- [Problem requirements]:
Print, exactly as they appear in the listing below, the lines from the line with "الرئيس السيسي يلتقط" to the line with "開關的額定電流有:200、 400、63", with both end lines kept.

- [Extracted material]:

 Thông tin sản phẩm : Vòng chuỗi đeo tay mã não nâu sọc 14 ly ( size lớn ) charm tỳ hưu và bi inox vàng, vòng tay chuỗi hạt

...

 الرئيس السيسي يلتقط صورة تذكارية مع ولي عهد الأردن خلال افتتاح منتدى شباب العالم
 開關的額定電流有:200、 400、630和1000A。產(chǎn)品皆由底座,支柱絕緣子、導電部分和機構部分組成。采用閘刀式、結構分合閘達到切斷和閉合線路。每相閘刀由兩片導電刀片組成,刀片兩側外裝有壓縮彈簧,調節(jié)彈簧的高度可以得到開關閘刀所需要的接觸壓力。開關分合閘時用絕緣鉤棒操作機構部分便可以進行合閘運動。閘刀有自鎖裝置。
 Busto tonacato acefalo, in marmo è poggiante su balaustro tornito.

- [Result for this task]:
 الرئيس السيسي يلتقط صورة تذكارية مع ولي عهد الأردن خلال افتتاح منتدى شباب العالم
 開關的額定電流有:200、 400、630和1000A。產(chǎn)品皆由底座,支柱絕緣子、導電部分和機構部分組成。采用閘刀式、結構分合閘達到切斷和閉合線路。每相閘刀由兩片導電刀片組成,刀片兩側外裝有壓縮彈簧,調節(jié)彈簧的高度可以得到開關閘刀所需要的接觸壓力。開關分合閘時用絕緣鉤棒操作機構部分便可以進行合閘運動。閘刀有自鎖裝置。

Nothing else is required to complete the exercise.